What kind of carbonated water did they drink in the USSR?

In this article, I tried to collect most of the drinks that existed then. Frankly, I have not tried all of the above, but I drank Malvina only a couple of times. But on the absence of “Tarhun”, “Bell”, “Buratino” never complained.

“Flora” – a whole separate family of sodas. Several flavors were sold under the label. The taste, respectively, was indicated on the bottle: “Clove flora”, “Coriander flora”, “Mint flora”. There was also a tarragon “Flora”. I haven’t tried it, so I cannot say whether it was different from the usual “Tarhun” or not.

Drink “Flora coriander”
Photo: Source

“Cream soda” possessed a mild creamy vanilla flavor. The acidity of the drink was 1.25 pH. For comparison, “Citro” – 2 pH.

I have met a strange statement that “Cream Soda” was made by mixing carbonated water with ice cream, although the composition of the drink does not contain any ice cream (and how would such a mixture look?). The Soviet “Cream Soda” included water, vanillin, flavoring, the ubiquitous preservative sodium benzoate, coumarin (sweet clover or sweet bison extract), sugar, and citric acid.

Why Extra-Citro so called, it is not clear. What was “extra” in it compared to the usual citro? The recipe itself was invented by chance in France. According to legend, the cupbearer served lemon water to the king instead of wine. The poor man was already preparing to go to the scaffold, but then an idea struck him: sugar was added to the water. The king liked it.

In the 18th century, Jacob Schwebb carbonated the drink, and the word “citro” for a long time meant sweet carbonated water in general. Interestingly, Jacob’s enterprise lasted until 1999, when the Coca-Cola concern bought Schwepps.

The Soviet “Extra-Citro” included tinctures of orange, tangerine and lemon. It was probably the most citrusy lemonade of all.

Soviet lemonades
Soviet lemonades

The word “duchess” is translated as “duchess”. But in the case of drinks, we mean the pear variety. The soda was so named because of the addition of pear syrup. Variety Duchess very sweet and juicy and gave the drink a sweet-wine flavor and strong aroma. The drink appeared in the 30s of the last century. Became the second sweet sparkling water after the actual “Citro”. Syrup “Duchess” was prepared according to GOST 28499-90.

The simplest lemonade was Buratino… It could even be done at home. Sugar, lemon, orange and siphon gassed water. In production since the 70s. The drink was produced by different factories with different labels.

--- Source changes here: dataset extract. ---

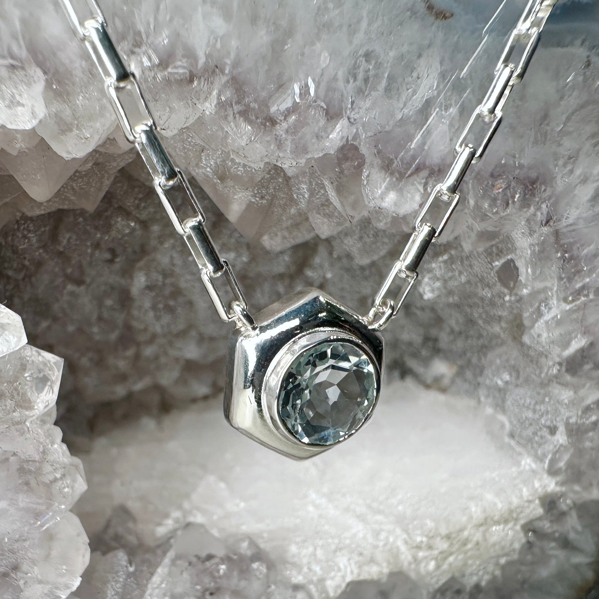 Aquamarine Hexagon Necklace | Sterling Silver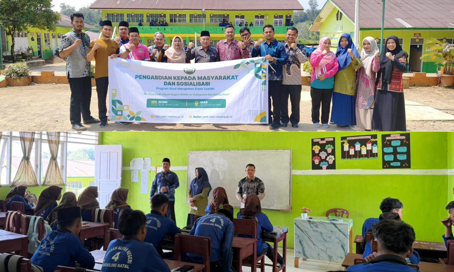 Kedatangan Rombongan Dosen Manajemen Bisnis Syariah disambut antusias oleh pihak sekolah, guru, serta para siswa kelas akhir. Dalam kegiatan tersebut, para dosen memberikan pemaparan terkait pengenalan STAIN Mandailing Natal, program studi Manajemen Bisnis Syariah, peluang studi lanjut, serta prospek karier lulusan di bidang ekonomi dan bisnis berbasis syariah.

Drink Isindi I have never seen it live. Judging by the composition, it was a kind of non-alcoholic cider, where bay leaves were added to the apples. The soda is named in honor of the old Georgian game Isindi, in which horsemen threw spears with a blunt end and a soft nozzle at each other.

Isindi drink
Isindi drink

“Bell” contained not only citrus syrups, but also ascorbic acid. Slightly bitter with the zest of oranges and lemons. At the same time, the taste was much milder than Extra-Citro, for example. But the soda got its name in memory of the tradition of making lemonade from bell honey.

“Malvina” I tried it twice in my life, I even forgot that such a drink existed. There is, however, one oddity. The original soda has a turquoise color, like Malvina’s hair from the children’s film “The Adventures of Buratino”. I remember it exactly as dark cherry.

Malvina drink
Malvina drink

“Malvina” was sold in two versions: completely without chemicals (shelf life – a week) and with the addition of a preservative (stored for up to 20 days). They made a drink from apples and raspberries.

Interesting story “Bahmaro” – another Georgian soda. The composition was invented in the late 70s. The leadership of the food industry of the USSR liked the taste so much that they gave the go-ahead for the construction of a special plant for the production of the drink. “Bakhmaro” became a real innovation of that time and the predecessor of the so-called “ice teas” obtained from tea concentrates.

Bakhmaro drink
Bakhmaro drink

I met publications that this drink quickly gained popularity in all republics of the USSR, but, to be honest, I first learned about it only when I started writing an article. No one from my friends and acquaintances has heard anything about him either. Therefore, I can only describe the taste from hearsay: creamy sweet with cognac aroma.

Soda with the addition of various herbs were popular. Tarragon – tarragon (dragon wormwood), “Shadow” – levzeya (useful for asthenia), “Baikal” – a whole bunch of herbs: sage, wormwood, angelica, cardamom, hops, eucalyptus, and a dozen more names.

It is unrealistic to list all Soviet soda in one article. There is enough material for an entire book. “Breeze”, “Thumbelina”, “Bee”, “Salute”, “Cruchon”, “Rose dew”, “Fox and Grapes”, “Sparkling” – dozens of recipes were put into production. Some were successful, others left the store shelves. For example, the people did not like the pumpkin-tangerine “Gourmet”… However, the assortment of sweet soda in the USSR has always been impressive, for every taste and color.